Budapest, Hungary - Luncheon at the New York Cafe
Probably Budapest's best-known bistro-cafe, and almost unbearably touristy, the New York Cafe on the ground floor of the Boscolo Budapest Hotel has one of the most sumptious dining hall I'd ever seen, anywhere in the world!
If you don't mind camera-toting tourists snapping away at the impossibly lavish, gold-gilded and marble-clad interiors whilst you eat, the food here is actually not bad.
- Beef goulash soup with beans and home-made noodles: the portion was huge, but the waiter suggested that we split one order into two bowls. It was delicious, as were *all* soups I'd tried in Hungary the past week. The Hungarians are into strong flavours and almost every other dish I'd had thus far were very tasty indeed.
- Roasted pig's trotter with grilled onion-liver ragout, and home-pickled salad: the trotter skin was not crackling-crisp as I'd expected, but the ragout was rich and full-bodied, with generous slivers of pig's liver. The salad was a mild Hungarian take on the sauerkraut.
- Beef-steak with pureed parsnip, warm beetroot and rucola salad: perfectly-timed and very well-executed cooking.
We skipped the desserts - still haven't gotten used to the huge local portions yet.
New York Café
The Boscolo Budapest Hotel
Erzsébet körút 9-11
Tel: +36 1 886 6111
The more I look at the decor, the more it reminds me of 'Le Train Bleu' in Paris.

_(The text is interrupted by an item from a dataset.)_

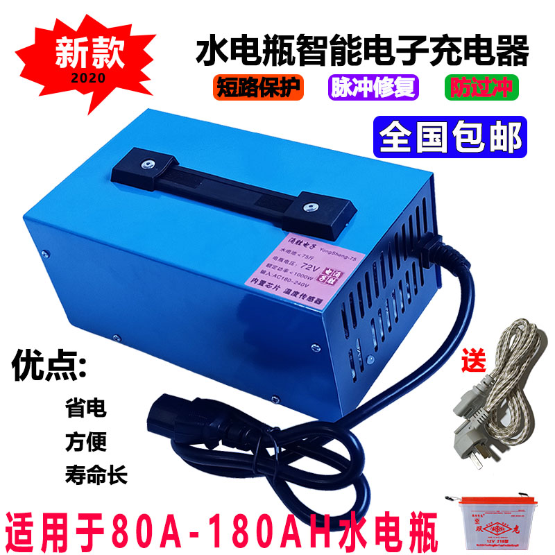 Electric tricycle charging motor 60V72V water single bottle aluminium acid battery pure copper high power fast charger

Was the sauce to go with the steak a wine reduction of some sort?
Love the color of the Goulash Soup. Strange, but it reminds me of Russian Borscht in old school Hong Kong western restaurants like Tai Ping Koon, Chantecler or Cherikoff?!!!
re: Charles Yu
The sauce did taste like a red wine reduction, but sticky, unctuous and enriched by pig's liver.
As for the goulash soups I'd tried all over Hungary, I must say that the Magyars are masters of great tasting soups - I've *yet* to come across a single dish here which one can describe as "bland", whereas you do encounter less-than-satisfactory dishes in Paris more often than not these days (not the Michelin-rated ones, of course).